企業情報データベース「Compalyze」を運営する株式会社Compalyzeは、退職代行を主力とする17主体の運営法人を特定し、社会保険の被保険者数、官報の決算公告、法人登記を横断照合した調査結果を公開しました。対象は複数の比較サイトで共通掲載され、各社公式サイトの運営者表記などから現在の運営法人を確認できたサービスに限定しています。2026年8月時点で被保険者数は最大13人、中央値2人で、10人超は1主体のみでした。創業2004年の最古参事業者は累計6万8千人超の支援を公称していますが、被保険者は1人でした。被保険者数は従業員数と一致せず、役員は含まれ、加入要件を満たさない短時間勤務者や業務委託は含まれません。設立日が判明した14主体のうち13主体が10年以内、5主体は5年以内で、所在地は8都府県に分かれます。

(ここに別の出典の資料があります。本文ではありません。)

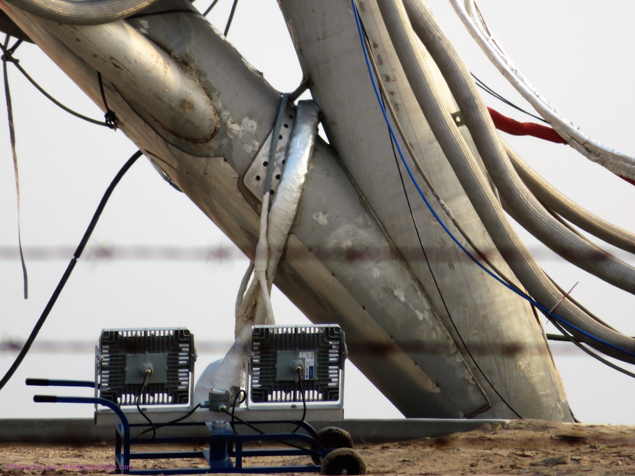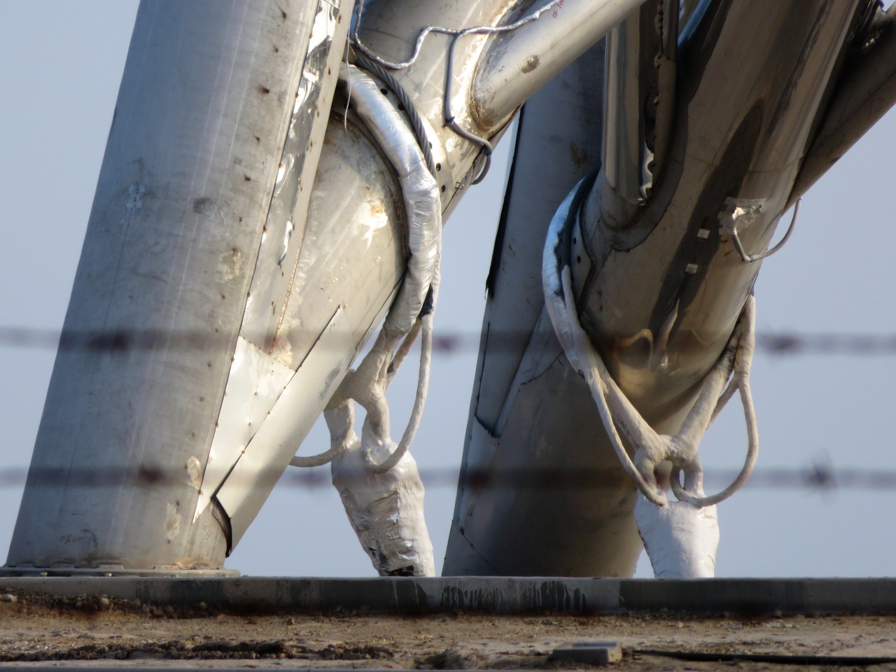 Кое где уже пишут про подскок, позабавило. На фото отчетливо видно - ферменная конструкция, на которой подвешен Раптор. Каждая опорная нога пришпандорена аж в двух местах тягами с петлями к фундаменту. Так что в пределах упругости сей конструкции , если нет сильной превдварительной подтяжки тяг, можно и попрыгать немного. Можно и антракцион показывать, для этого под каждую опору подсунуть упругую опору с демпфером. Включил движок - подъем, выключил - плавненько опускается, все в огне, в дыму, можно шикарный ролик снять, особенно замаскировав упругие опоры. Публика будет биться в экстазе - ща, полетим, немного осталось!!! :D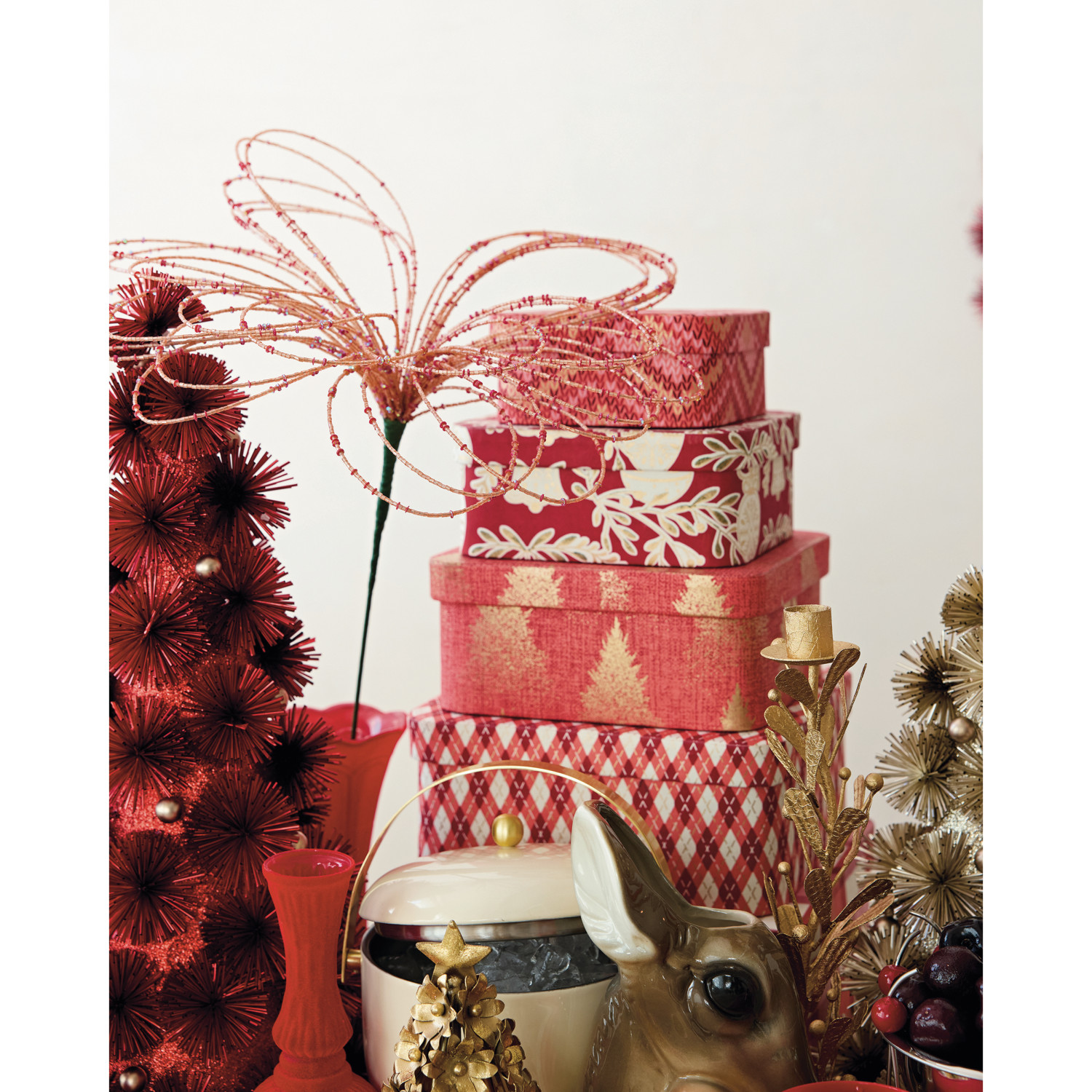 Catalog Name: 10-1/2" Square x 4-1/2"H, 9-1/2" Square x 4"H, 8-1/2" Square x 3-1/2"H, 7-1/2" Square x 3"H & 6" Square x 2-1/2"H Handmade Printed Recycled Paper Gift Boxes w/ Pattern, Multi Color, Set of 5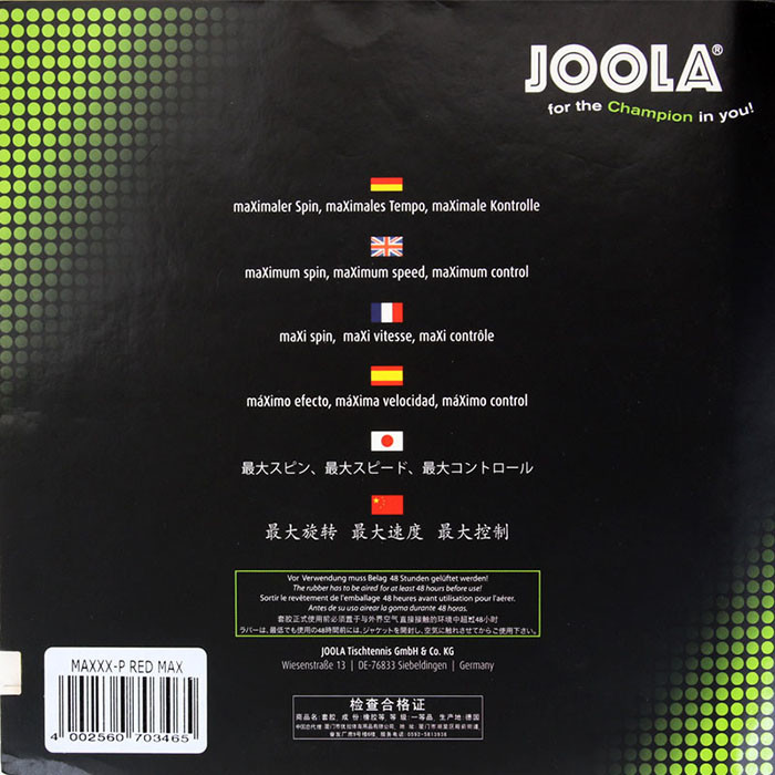 商品名称:优拉JOOLA MAXXX-P 进攻型套胶 塑料球时代旗舰套胶

最多の1社は2023年12月の10人から増加し、2025年8月に47人に達した後、2026年2月の逮捕と起訴の翌月から毎月7人前後減り、現在は13人で推移しています。同社は2026年4月に経営体制を改め営業を再開しましたが回復は見られません。2026年8月28日には東京地裁が前社長らに執行猶予付き有罪判決を言い渡し、法人に罰金200万円を科しています。紹介を受けた弁護士側では一方が6月に有罪判決で控訴中、もう一方は10月7日の判決予定です。今回の分布は一時点のスナップショットであり、少なくとも1社は47人まで拡大した事実から、13人が業界の上限を示すものではありません。業界全体は少なくとも52法人が確認され、今回の17主体はその一部です。
一方、比較サイト上位の複数サービスは合同労働組合運営で、国税庁の法人番号公表サイトで公表された法人番号を確認できず、社会保険や決算公告のデータと紐づけられませんでした。人格のない社団等にも法人番号は指定されますが、公表には代表者等の同意が必要で、同意がなければサイトに現れません。組合型でも公表された法人番号を持つ主体は存在し、辿れるケースと辿れないケースが混在します。調査は行政データで観測可能な範囲の輪郭を示し、対象や指標の違いが把握結果に影響する点を明確にしました。